1 Bir 29 Ekim’den Bir Başka 29 Ekim’e ---6. Bölüm---

Makale / Tarihsel Makaleler

Eklenme Tarihi : 2.11.2022
Okunma Sayısı : 527
Yorum Sayısı : 4
Günün Yazısı

Bu Yazı 3.11.2022 tarihinde
GÜNÜN YAZISI
olarak seçilmiştir.
Bir 29  Ekim’den  Bir  Başka  29  Ekim’e ---6. Bölüm---

29 Ekim 1914’de gerçekleşen Karadeniz Baskınını Osmanlı basını 31 Ekim günü haber olarak sayfalarına taşıdılar. Bu arada olayın sebebi olarak ileri sürülen argüman nefsi müdafaaydı. Yani Ruslar, Türklere saldırılarda bulunmuşlar, Türkler de kendilerini savunmak için karşılık vermişlerdi.
Gazeteler böyle yazarken Osmanlı Hükumetinin, Rusya’ya yönelik bu harekattan haberdar olmadığı gerçeği de ortaya çıkmıştı. Zira başta sadrazam olmak üzere hükumet üyeleri Enver Paşa’yı protesto etmişler ve hatta istifa edeceklerini bildirmişlerdi.

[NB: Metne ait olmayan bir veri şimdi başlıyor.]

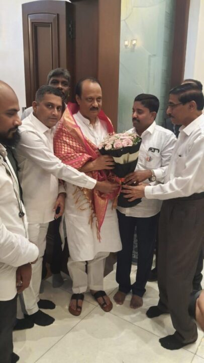 राष्ट्रवादी काँग्रेसचे नेते अजित पवार आज उपमुख्यमंत्री पदाची शपथ घेत आहेत. याबद्दल सिंधुदुर्ग जिल्हा राष्ट्रवादी काँग्रेसच्या पदाधिकाऱ्यांनी त्यांची देवगिरी या निवासस्थानी भेट घेत त्यांना शुभेच्छा दिल्या.
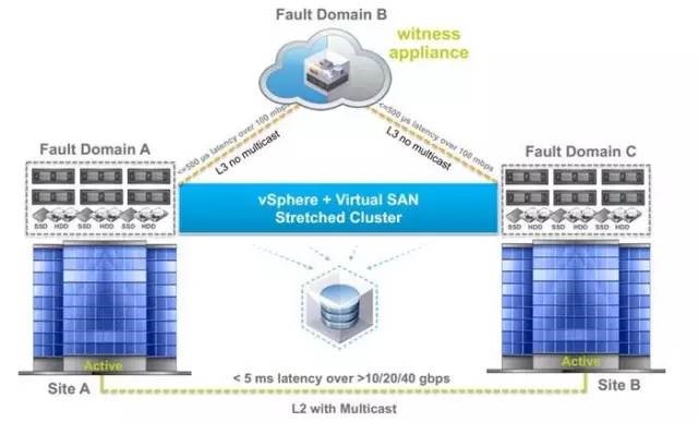 VSAN能够在2个数据中心分开部署,结合第三元数据站点仲裁,构建VSAN的延伸群集,实现存储的双活架构。
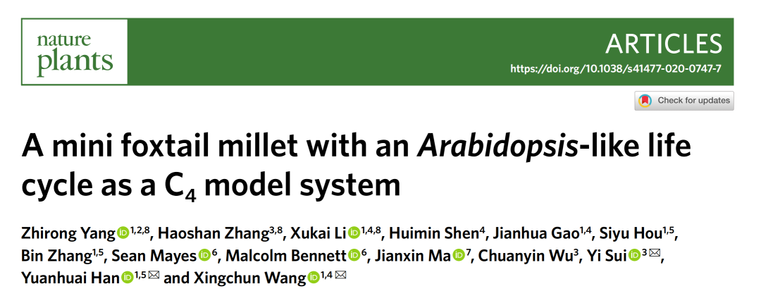 2020年8月31日,山西農(nóng)業(yè)大學雜糧分子育種團隊與中國農(nóng)業(yè)科學院作物科學研究所等單位合作研究論文“A mini-foxtail millet with an Arabidopsis-like life cycle as a C4 model system”在線發(fā)表于國際期刊Nature Plants(IF:13.256),報道了C4禾谷類研究的理想模式植物“小米”的研究成果。山西農(nóng)業(yè)大學的楊致榮教授、中國農(nóng)業(yè)科學院作物科學研究所的張皓珊博士和山西農(nóng)業(yè)大學的李旭凱副教授為論文的共同第一作者;山西農(nóng)業(yè)大學的王興春教授、韓淵懷教授和中國農(nóng)業(yè)科學院作物科學研究所的隋毅副研究員為論文的共同通訊作者。美國普渡大學和英國諾丁漢大學等單位參與了部分研究。百邁客有幸參與了其中基因組、轉(zhuǎn)錄組及數(shù)據(jù)庫構(gòu)建工作。目前,數(shù)據(jù)庫由百邁客負責維護和運行,暫時托管在公司服務(wù)器(http://foxtail-millet.biocloud.net/home)。
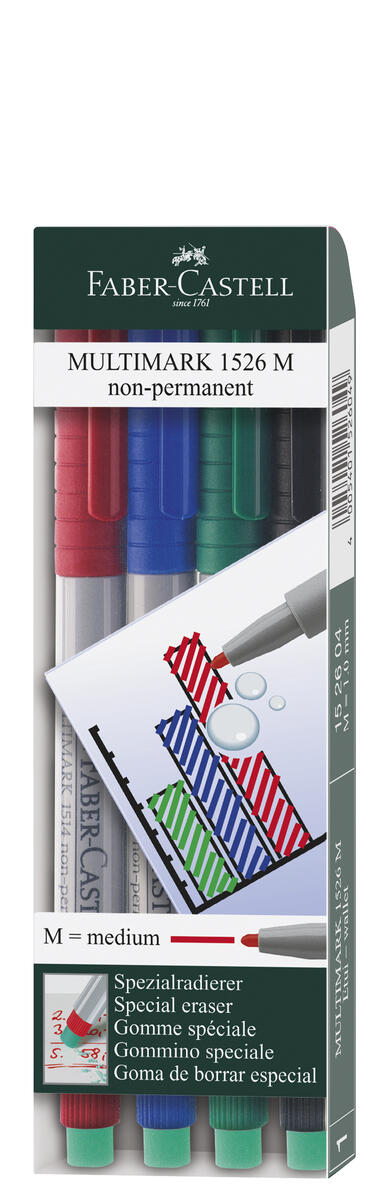 4 st/fp. Faber-Castell Multimark vattenlöslig märkpenna Medium 1,0 mm. Hög färgstyrka, god ljushärdighet. Skriver på de flesta material. Unik radertopp för glatta ytor. Pennkropp av plast.e. Innehåller röd, grön, blå, svart. PVC-fri.

Ancak daha sonra bu düşünceden iki sebeple vazgeçtiler. 1- Kendilerinin istifası halinde Enver Paşa savaş yanlısı taraftarlarıyla yeni bir hükumet kurar ve daha rahat at oynatırdı 2- Böyle bir zamanda birlik ve beraberlik içinde hareket etmek daha doğru olurdu.
Hükumet, Enver Paşa’yı Ruslardan özür dilemeye davet etti. Enver Paşa da canı hiç istememesine rağmen Rusya’ya bir özür mektubu yazdı ama işin doğrusu özrü kabahatinden büyüktü ( Buraya az sonra geleceğim yine. )
Olaya Almanya tarafından bakacak olursak...
Osmanlı Donanmasının, Amiral Souchon komutasında gerçekleştirdiği Karadeniz Baskını ile ilgili olarak Almanya ‘’ Ulan n’aaptınız siz. Durduk yere niçin Rus limanlarını bombaladınız? Böyle bir zamanda yapılacak halt mıydı bu?’’ tavırları sergiledi. Yani efendim sözde Almanya’nın bu baskından haberi olmadığı gibi ilgisi- alakası da kesinlikle yoktu(!)
Rusya ise şaşkındı. Osmanlı Devleti ile bir savaşa girecek olsa Osmanlı’nın Boğazları kapatacağı aşikardı. Böyle bir durumda ise hem ekonomik hem askeri açıdan hapı yutardı. Ama öte taraftan büyük bir hakarete uğramış, itibarı sarsılmıştı ve bunun onarılması gerekiyordu. Böyle bir ortamda en doğru karar Osmanlı Devletine sert bir ültimatom çekmek ve sonrasında Osmanlı Devleti’nin sunacağı özrü ‘’ Bir daha sakın yapmayın yoksa karışmam!’’ diyerek kabul etmekti. Osmanlı ile bir savaşa girmek şu an için akıllıca bir davranış değildi.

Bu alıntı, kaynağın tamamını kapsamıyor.